January 17, 2007
~ Randomly...
Why we never quarrelled is because...
we are not unreasonable,
we can appreciate differences,
we have enough common interests,
we share similar world view,
we believe in 'do unto others as you would have them do unto you',
we consider each other's feelings and the right to have those feelings,
we give each other the benefit of the doubt,
we are not aggressive,
we care for each other,
we believe there is a better way to handle conflicts (if there is any),
we are pretty non-confrontational,
we love each other enough to want to hear each other out without being judgemental,
and etc.
xxx
When it happens, I hope I know it's happening. I hope I will be able to know when's the last breath before it happens. I hope I won't be alone when it happens. I don't even want to be asleep, in any dreams. I want to be in the arms of someone I love - a close friend or the one I love. I hope I have the time to write letters to each of those who had mattered before it happens. That probably means that it can't happen suddenly. I need time to write. I hope I will be able to remember for the last time, my last thought and feeling before it happens. I hope I remember to smile as it happens.

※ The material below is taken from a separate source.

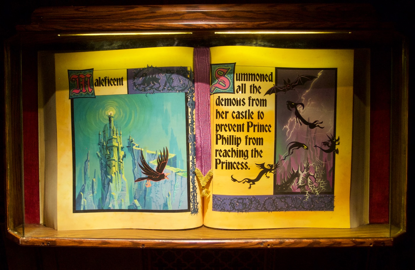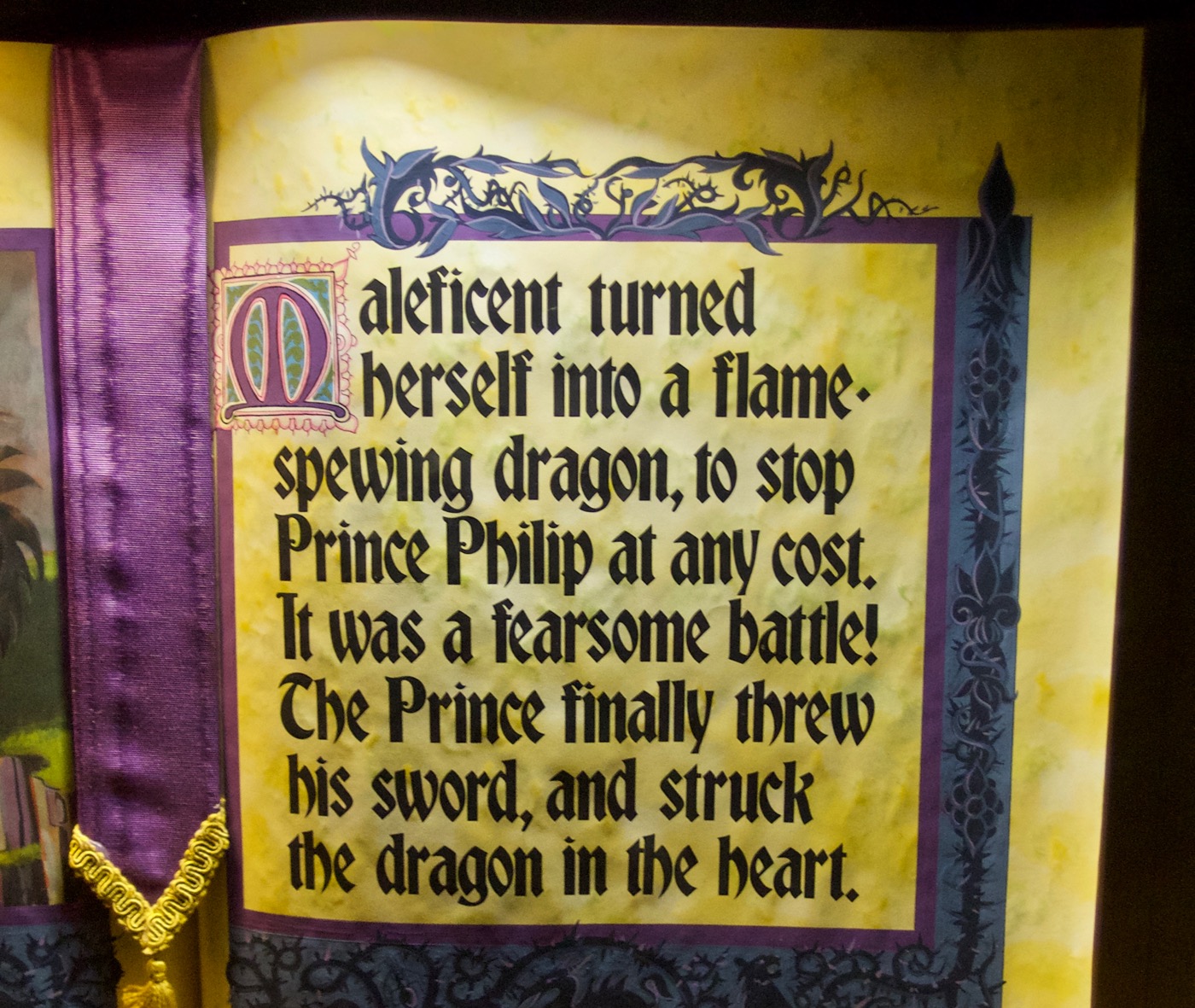 From its logo to park signage and decoration, Disneyland is strongly associated with various styles of fraktur, particularly simplified and romanized versions of the style that are more palatable to those unfamiliar with traditional blackletter. Bradley is one of the typefaces used frequently throughout the park, especially in Fantasyland. It plays a starring role in Disneyland’s castle centerpiece, wherein the story of Sleeping Beauty is told through several dioramas, along with book displays. The walk-thru was originally designed in the style of Eyvind Earle, production designer for Disney’s 1959 film Sleeping Beauty, including books with hand calligraphy. After various changes to the castle interior over the years, Earle-style dioramas returned in 2008. I assume that’s when these new books appeared, typeset primarily in Bradley.

My 20 minute fascination with my death, as I sat in the physical waiting for the bus to take me home.
xxx
CJ: Need or want?
Me: Wants! I have a lot of wants. (think: new watch, new bag, new skirts, new swimsuit, new jogging shoes...) No needs. I only need a boyfriend or a girlfriend. (laughs)
CJ: You have part-time ones now.
Me: Ya. A lot of part-time ones.
xxx
I don't need promises. I don't need expectations. I don't need strength. I don't need pretense. I don't need for anyone to think on my behalf about what I'm doing with my life.
For now, I need possibilities. Just possibilities.